1. Application Form for Company Filing signed by the legal representative (affixed with the official seal of the company);
2. The certificate of designated representative or authorized agent signed by the company (official seal of the company) and a copy of the identity certificate of designated representative or authorized agent; The handling matters, authority and authorization period of the designated representative or entrusted agent shall be indicated;
3. Resolutions and decisions to amend the Articles of Association; A limited liability company submits a resolution of shareholders' meeting signed by shareholders representing more than two thirds of the voting rights; A joint stock limited company shall submit the minutes of the shareholders' meeting signed by the presiding officer and the directors present at the meeting; A one-person limited liability company submits a written decision signed by shareholders. The approval documents submitted by the wholly state-owned company to the State Council, the local people's government or the state-owned assets supervision and administration institution of the people's government at the corresponding level authorized by it;
4. Revised articles of association or amendments to articles of association (signed by the legal representative of the company and stamped with the official seal of the company) (signed by all shareholders);
5. If laws, administrative regulations and the State Council decisions stipulate that amendments to the Articles of Association must be approved, a copy of the relevant approval documents or licenses shall be submitted; Any amendment to the articles of association of a wholly state-owned company must be approved by the state-owned assets supervision and administration institution;
6. A copy of the company's business license.
Second, the role of the articles of association
1. The most important conditions and documents for establishing a company
The establishment procedure of a company begins with the conclusion of the articles of association and ends with the registration of establishment. China's "Company Law" clearly stipulates that the establishment of articles of association is one of the conditions for the establishment of a company. The examination and approval authority and the registration authority shall examine the articles of association of the company and decide whether to approve or register. The company has no articles of association and cannot be approved for registration.
2. The Articles of Association is the basic legal document to determine the relationship between rights and obligations of the company.
Once the Articles of Association are approved by the relevant departments and approved by the company registration authority, they will become legally effective to the outside world. The company enjoys various rights and undertakes various obligations in accordance with the articles of association, and the behaviors that conform to the articles of association are protected by the state laws; In violation of the articles of association, the relevant authorities have the right to intervene and punish.
3. The basic legal basis of the company's foreign business dealings.
Because the articles of association stipulate the principles and detailed rules of the company's organization and activities, including business objectives, property status, rights and obligations, etc. It provides conditions and credit basis for investors, creditors and third parties to conduct economic exchanges with the company. Anyone who is associated with the company's economy according to the company's articles of association can be effectively protected according to law.
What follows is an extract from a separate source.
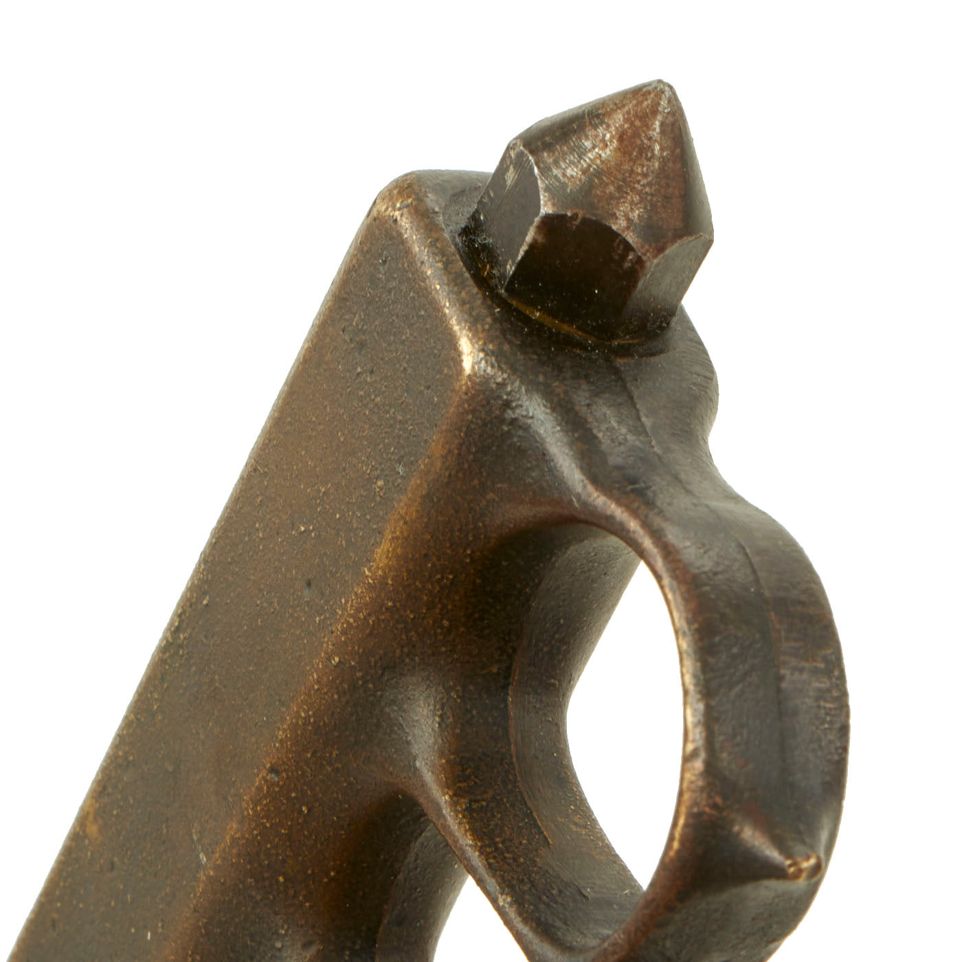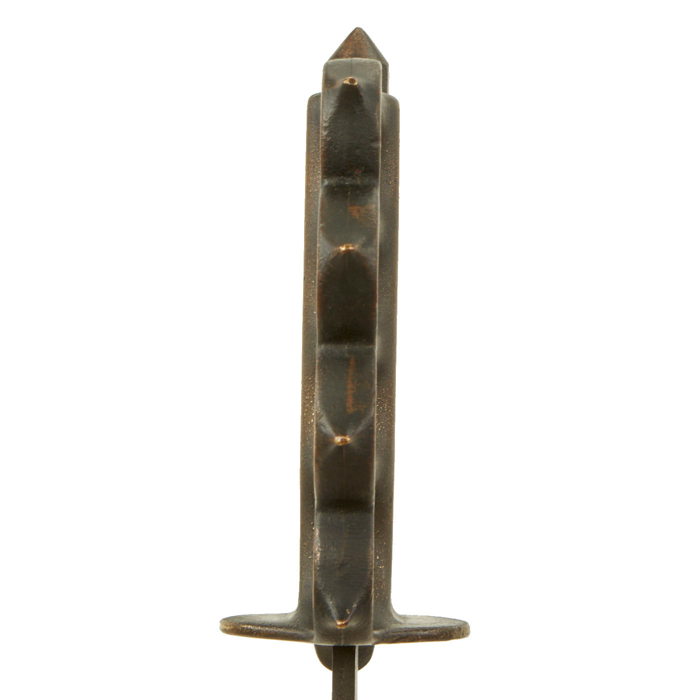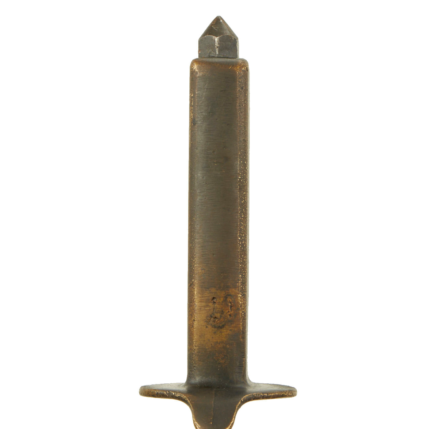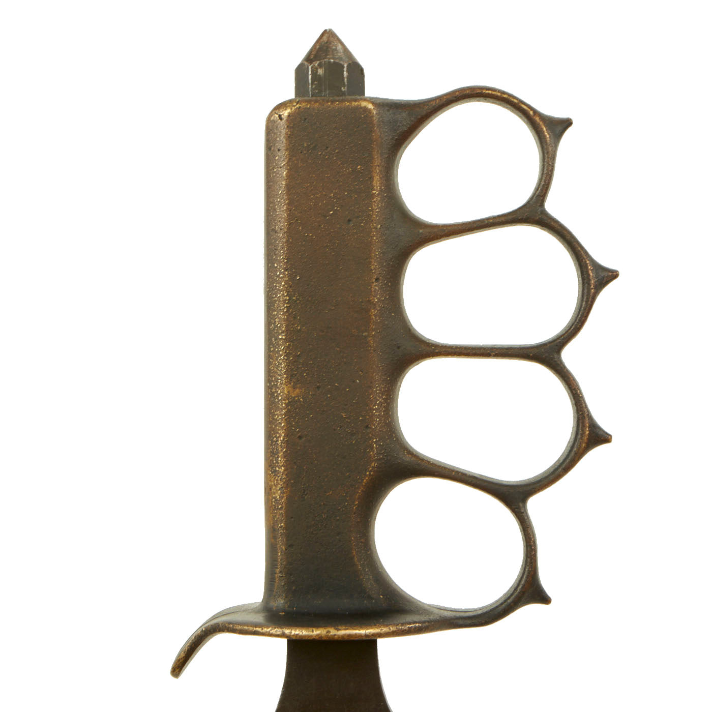 The brass grip and knuckle guard blackening is mostly worn away, as seen on most examples. In its place is a lovely aged brass patina. The steel dagger blade still has much of the original factory grind on the edge, and still has some of the original factory finish. The very last 1-2mm of the tip is broken away unfortunately, and overall it does have a worn patina from cleaning and oxidation. There are also signs of further sharpening to the blade.

4. The articles of association are the autonomy norms of the company.
As the company's autonomy criterion, the Articles of Association is determined by the following contents. First, the articles of association, as a code of conduct, are not formulated by the state, but by the shareholders of the company according to the company law. The Company Law is the basis for formulating the Articles of Association. Because the company law can only stipulate the universality of companies, it is impossible to take into account the particularity of each company. The articles of association formulated by each company according to the Company Law can reflect the company's personality and provide the company with a code of conduct. Second, the company's articles of association is a code of conduct outside the law, which is implemented by the company itself and does not need state coercion to ensure its implementation. In case of violation of the Articles of Association, as long as it does not violate laws and regulations, it shall be resolved by the company itself. Third, the articles of association, as the code of conduct within the company, only have the effect of the company and relevant parties, but have no universal effect.
In view of the above functions of the articles of association, it is necessary to strengthen the legal effect of the articles of association. This is not only the need of company activities, but also the need of the healthy development of market economy. The articles of association, like the company law, bear the responsibility of adjusting the company's activities. This requires that the shareholders and promoters of the company must be considerate and clearly defined when formulating the articles of association, and cannot make various understandings. The company registration authority must strictly control the articles of association of the company, supervise the establishment of the company from the perspective of state management, and ensure the normal operation of the company after its establishment.
Three. How to amend the articles of association
In any of the following circumstances, the company shall amend the Articles of Association:
1. After the Company Law or relevant laws and administrative regulations are revised, the matters stipulated in the Articles of Association conflict with the provisions of the revised laws and administrative regulations;
2. The company's situation changes, which is inconsistent with the matters recorded in the articles of association;
3. The shareholders' meeting decided to amend the Articles of Association.